Work request: When you reproduce the data, keep every word exactly as it stands and leave the pictures out.

Source material:

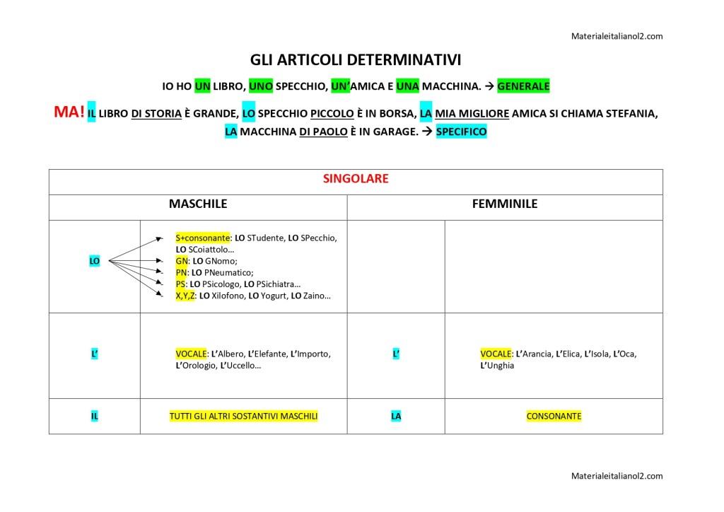 Tabella degli articoli determinativi italiani con confronto tra indeterminativi e determinativi. Nella versione scaricabile sono presenti due pagine con la trasformazione al plurale e un esercizio di inserimento.
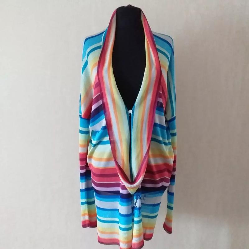 Яркая блуза известного испанского бренда, 100% вискоза. Идет как второй слой на топ или майку, интересная вещь хотя на фото немного странно смотрится, должна быть оверсайз, в состоянии новой вещи. Замеры: длина 86 см, по груди 120 см, талия 92 см, рукав спущен, от два 48 см. Есть еще много интересной женской и мужской одежды и обуви, смотрите все Мои объявления и подписи на страницу, регулярные публикации обновлений.
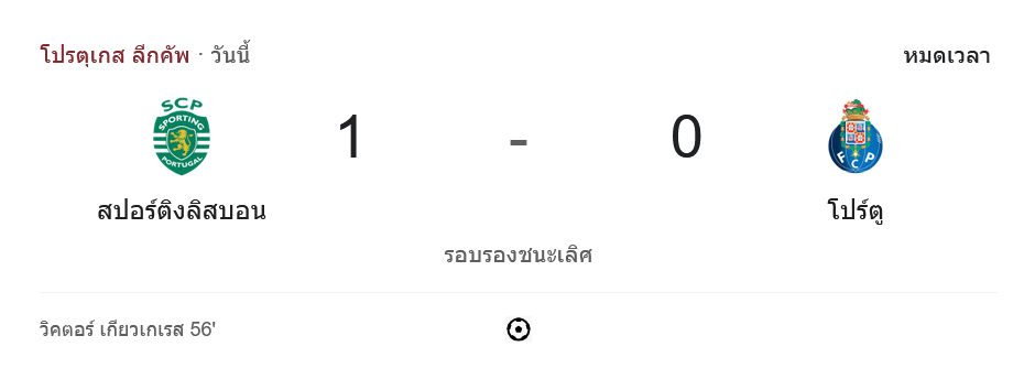 จาก : ผลบอลสด โปรตุเกส ลีกคัพ 2024 ระหว่าง สปอร์ติ้ง ลิสบอน 1-0 ปอร์โต้ วันนี้ 8/1/68 – บ้านกีฬา
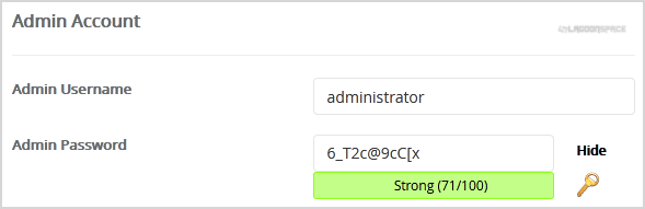 - Admin Username: Your new Pimcore username (for security reason do not use the "Administrator" or the "Admin" username.)
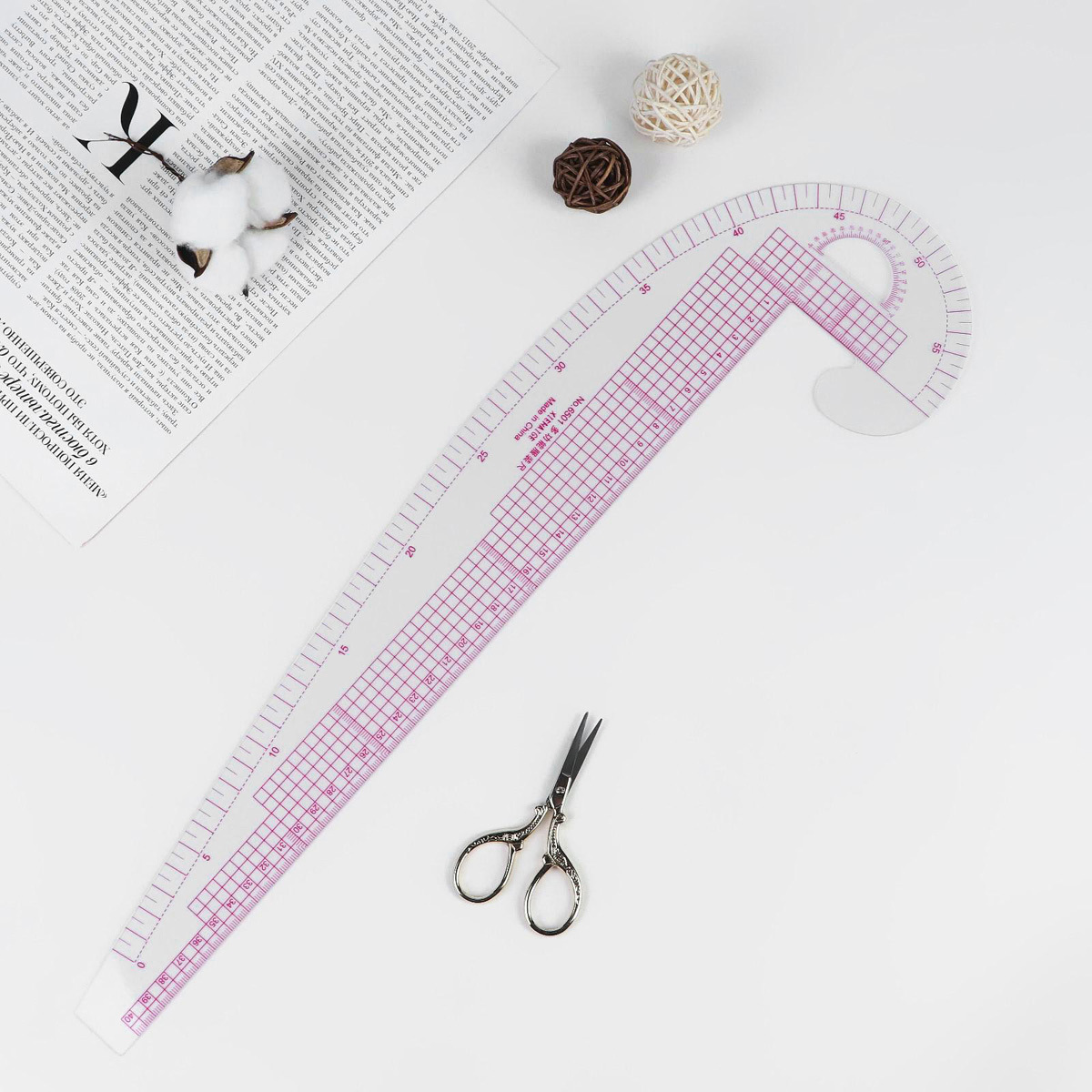 Портновское лекало 'бочок' пригодится тем, кто занимается разработкой моделей одежды, шитьем, а также изготовлением игрушек и другим рукоделием. Используйте эти лекала, чтобы конструировать выкройки или корректировать готовые. Позволяет рисовать косые и прямые линии кроя, в том числе пройму и воротник. Подходит также для наметки и прорисовки различных сложных и мелких деталей, создания аппликаций. Лекало изготовлено из прозрачного пластика. Для дополнительной точности предусмотрена сантиметровая разметка. Размер: 47х12,5 см.
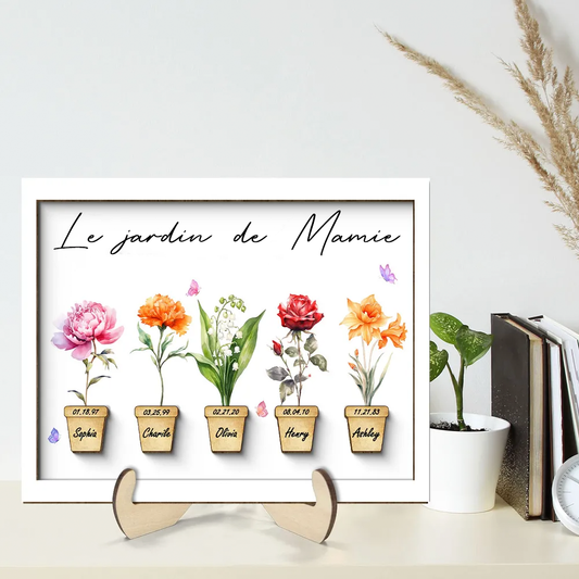 Tableau en bois personnalisé avec fleurs de naissance pour mamie et maman
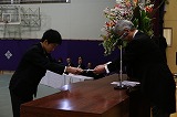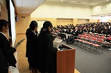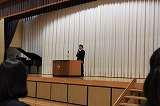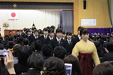 学校長から「卒業後は、自分一人で判断しなければならない時がある。そのためには判断するための軸をもっていなければならない。軸をもつためには豊富な経験が必要で、自分の目・耳・足で確かめ、いろいろな経験をしてほしい。そして良い判断をするためには、健康であることが大切」と式辞がありました。

Answer below:
 Tabella degli articoli determinativi italiani con confronto tra indeterminativi e determinativi. Nella versione scaricabile sono presenti due pagine con la trasformazione al plurale e un esercizio di inserimento.
 Яркая блуза известного испанского бренда, 100% вискоза. Идет как второй слой на топ или майку, интересная вещь хотя на фото немного странно смотрится, должна быть оверсайз, в состоянии новой вещи. Замеры: длина 86 см, по груди 120 см, талия 92 см, рукав спущен, от два 48 см. Есть еще много интересной женской и мужской одежды и обуви, смотрите все Мои объявления и подписи на страницу, регулярные публикации обновлений.
 จาก : ผลบอลสด โปรตุเกส ลีกคัพ 2024 ระหว่าง สปอร์ติ้ง ลิสบอน 1-0 ปอร์โต้ วันนี้ 8/1/68 – บ้านกีฬา
 - Admin Username: Your new Pimcore username (for security reason do not use the "Administrator" or the "Admin" username.)
 Портновское лекало 'бочок' пригодится тем, кто занимается разработкой моделей одежды, шитьем, а также изготовлением игрушек и другим рукоделием. Используйте эти лекала, чтобы конструировать выкройки или корректировать готовые. Позволяет рисовать косые и прямые линии кроя, в том числе пройму и воротник. Подходит также для наметки и прорисовки различных сложных и мелких деталей, создания аппликаций. Лекало изготовлено из прозрачного пластика. Для дополнительной точности предусмотрена сантиметровая разметка. Размер: 47х12,5 см.
 Tableau en bois personnalisé avec fleurs de naissance pour mamie et maman
 学校長から「卒業後は、自分一人で判断しなければならない時がある。そのためには判断するための軸をもっていなければならない。軸をもつためには豊富な経験が必要で、自分の目・耳・足で確かめ、いろいろな経験をしてほしい。そして良い判断をするためには、健康であることが大切」と式辞がありました。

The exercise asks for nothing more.